Ensign criticized Democrats for speculating about future moves in Iraq before Petraeus makes his report.

"We need to see what General Petraeus, in the report, in the conclusions, in the recommendations, says in September," Ensign said. "Everybody's speculating. I don't think the other side is being responsible. They're playing politics while we're at war, and I think it's wrong."

Jack Reed said the Democrats' goals haven't changed.

"Frankly, I don't think we have to wait to hear from General Petraeus," Reed said. "I was in Baghdad recently, and I think there's not more he's going to tell us that we didn't know then. But to move forward with changing policy, the reality is, we need Republican support, and they say they want to wait for the report from General Petraeus. ... We're not waiting."

Reid said he expects Petraeus to point to signs of limited progress, such as increased security in Iraq's Anbar province. But pacification in one part of the country has only "pushed the bad people" to northern Iraq, Reid said, and the fact remains that American troops are the No. 1 target of al-Qaida forces in Iraq.

"Getting Americans out of Iraq will lead to more stability," Reid said. "In Iraq, we have American troops trying to protect the Sunnis, the Shias and the Kurds, and we have every one of those groups trying to kill our soldiers. Al-Qaida, which is mainly made up of outside people, who is their No. 1 enemy? It's the United States. ... So let's get us out of there, and leave a contingency dealing with counterterrorism, force protection and continual training of Iraqis."

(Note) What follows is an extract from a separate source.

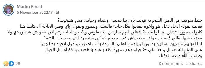 شهدت اليوم الحاضر انتشاراً واسعاً لمقطع فيديو مؤثرة، عصره زوجة مصرية تدعى مريم عماد وهي تغيث بعد اقتحام زوجها وأفرادها الذين حصلوا عليها بحكمها، في وجود طفلها الوحيد.

Reid acknowledged the Iraqi factions are also fighting one another, but said they will settle their differences once the Americans are gone, perhaps by dividing into a three-part federation with a weak central government, as Biden has long suggested.

"It's time they took over their own country," Reid said. "It'll take a little time, but it will stabilize."

Reid said he is waiting to hear what Petraeus says, but "I think we're back where we have to set a timeline to get our troops out of there. I think that we have to have a redeployment of our troops within the next 60 to 90 days."

Reid is hoping more Republicans will cross party lines to support a timeline. If not, he is considering other alternatives.

"Each day that goes by, quite frankly, is a day less that we have to deal with the Bush administration," he said.

But Reid said he is not resigned to waiting Bush out.

"We're going to continue to push. It's not going to be a wait without focusing on the failures in Iraq."